Como grande parte da produção do Cinema Novo, o filme "Os Fuzis" (1964), de Ruy Guerra, é uma mistura de absoluta monotonia (ou pura chatice) com beleza e erudição. Isso posto, claro, para leigos, mortais que só se interessam por cinema que diverte, que prende a atenção.
"Os Fuzis" é o chamado clássico cinemanovista, que encerra em seu conteúdo o estudo ou a crítica da miséria brasileira por meio da figura do sertanejo espoliado; e que opta, no que se refere à forma, pela atmosfera estática herdada da nouvelle vague francesa.
O filme, construído em primeiros planos, expõe uma situação de agonia provocada pela seca nordestina. São rostos e expressões quase imperceptíveis retratando o ambiente de esterilidade e tensão.
Em 1963, chegava ao município de Milagres, sertão da Bahia, um destacamento de soldados, encarregado de proteger o único armazém de alimentos da cidade contra a ameaça de invasão por centenas de retirantes famintos.
"Se for preciso, varro a bala toda essa região", sentencia o comandante da milícia que pinga de suor no mormaço da caatinga, buscando em vão justificativas para a missão sem sentido de tirar a comida de quem tem fome.
A narrativa segue uma constante dramática, ascendendo aqui e ali por instantes críticos, de alguma ação. Casam-se bem a ausência de vento e de movimento.

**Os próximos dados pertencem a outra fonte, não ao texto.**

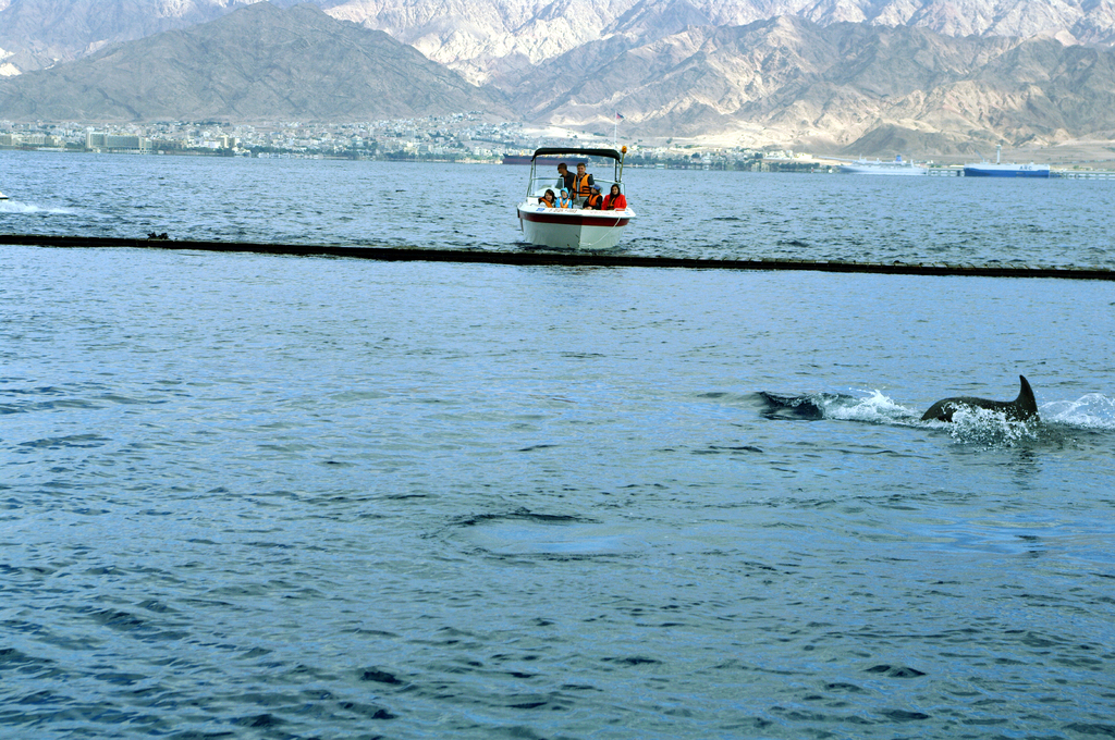 Эйлат похож на все другие курортные города. В первый день на одном из пляжей к нам подошел спортивного вида молодой человек и предложил прокатиться на моторке. "Дельфины гарантированы", - приговаривал он. Потом, на Дельфиньем рифе, мы поняли что он не врал:)))

Fica assim manifesta a resignação do povo cujo "único serviço" era rezar.
Enquanto os soldados vigiam, o povo reza, faz cantorias e procissões, chamando chuva, ignorando a presença da milícia e seguindo os passos de uma espécie de Antonio Conselheiro ou padre Cícero local.
Na sua cegueira religiosa -não são gratuitos os depoimentos de dois cegos na história-, o sertanejo vai morrendo de fome enquanto venera um boi gordo em plena caatinga esturricada.

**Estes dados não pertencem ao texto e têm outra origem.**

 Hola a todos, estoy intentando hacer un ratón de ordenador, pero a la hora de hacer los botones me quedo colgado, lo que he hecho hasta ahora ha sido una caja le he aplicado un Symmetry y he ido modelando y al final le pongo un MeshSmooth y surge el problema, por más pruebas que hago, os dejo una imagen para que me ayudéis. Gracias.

Os momentos de tensão instalam-se a cada tentativa de comunicação entre soldados e população local. São mundos isolados um do outro. Só há relação direta entre eles no caso amoroso de um soldado com uma moça da cidade.

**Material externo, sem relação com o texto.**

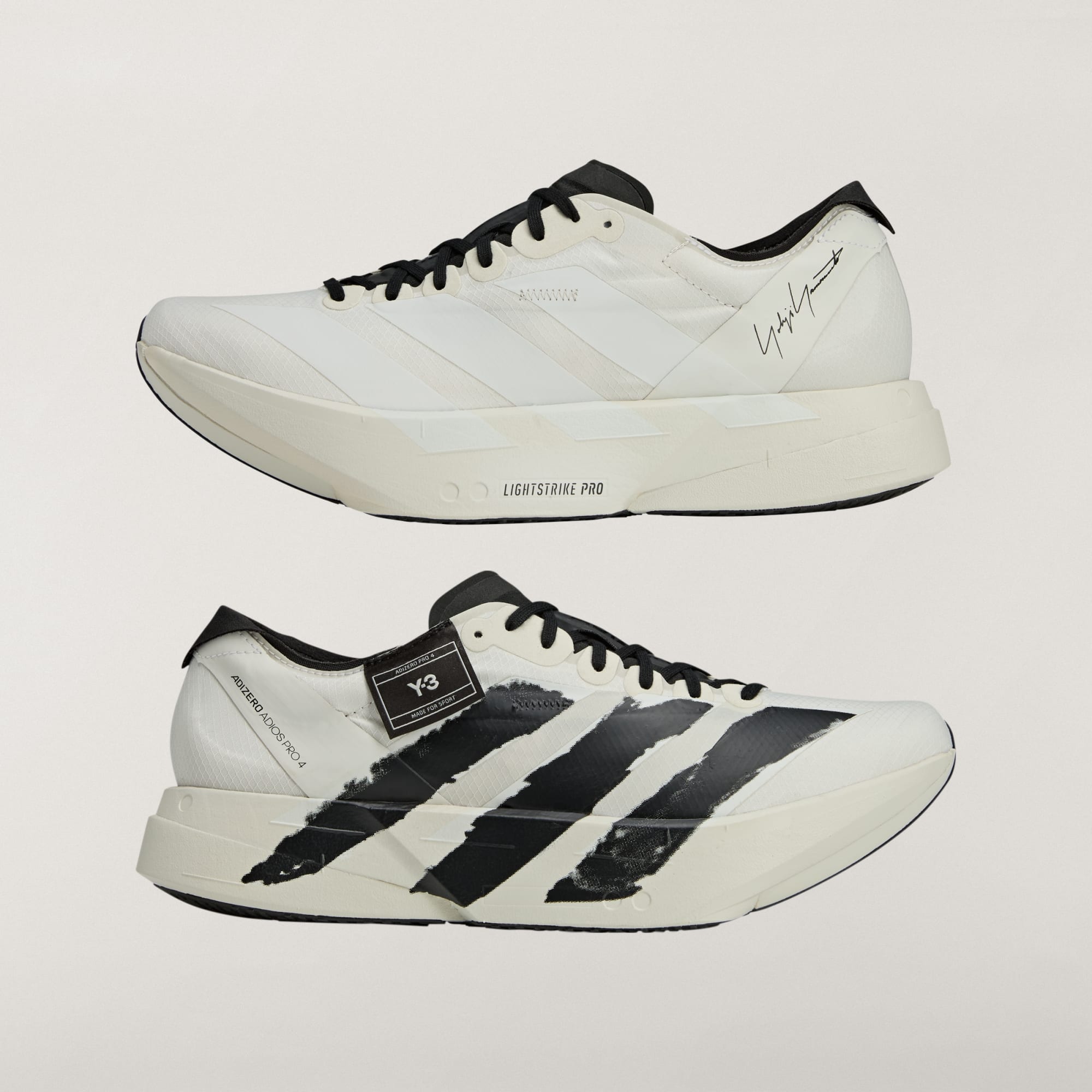 Deze Y-3 Adios Pro 4 is een vernieuwde versie van de schoenen uit het topsegment van adidas Running. Hij is gemaakt om langeafstandsrecords te verbreken, met een bovenwerk van stretch-mesh, ultralichte, dubbellaagse Lightstrike Pro-middenzooldemping en ENERGYRODS onder de voet voor maximale energieteruggave, stabiliteit en stuwkracht. Verder is-ie uitgerust met een rubberen LIGHTTRAXION-loopzool voor minder gewicht en superieure grip. Alle technologieën komen samen zodat je sneller verder kunt gaan. Een Y-3 badge en een graphic van Yohji Yamamoto's handtekening tegenover elkaar op de boord maken de look compleet.

Mesmo quando um sertanejo é morto por um tiro da milícia, paira a dúvida sobre se a mira teria sido em um cabrito ou no homem. Resta a imagem do homem-cabrito, sob o ponto de vista do soldado.
O mais expressivo contato entre os dois mundos é feito pelo único elemento estranho a ambos, o revolucionário, o caminhoneiro gaúcho de passagem pelo local, que se revolta contra tanta injustiça.
É exemplar a cena da caça dos soldados ao caminhoneiro, sob o latido de todos os cachorros do lugar, em que outra vez homem se confunde com bicho. Tudo muito bem encaixado e resolvido nesse filme de clima angustiante, de tomadas e fotografias precisas de uma agonia. Resta ter paciência para atravessar o mar de tédio.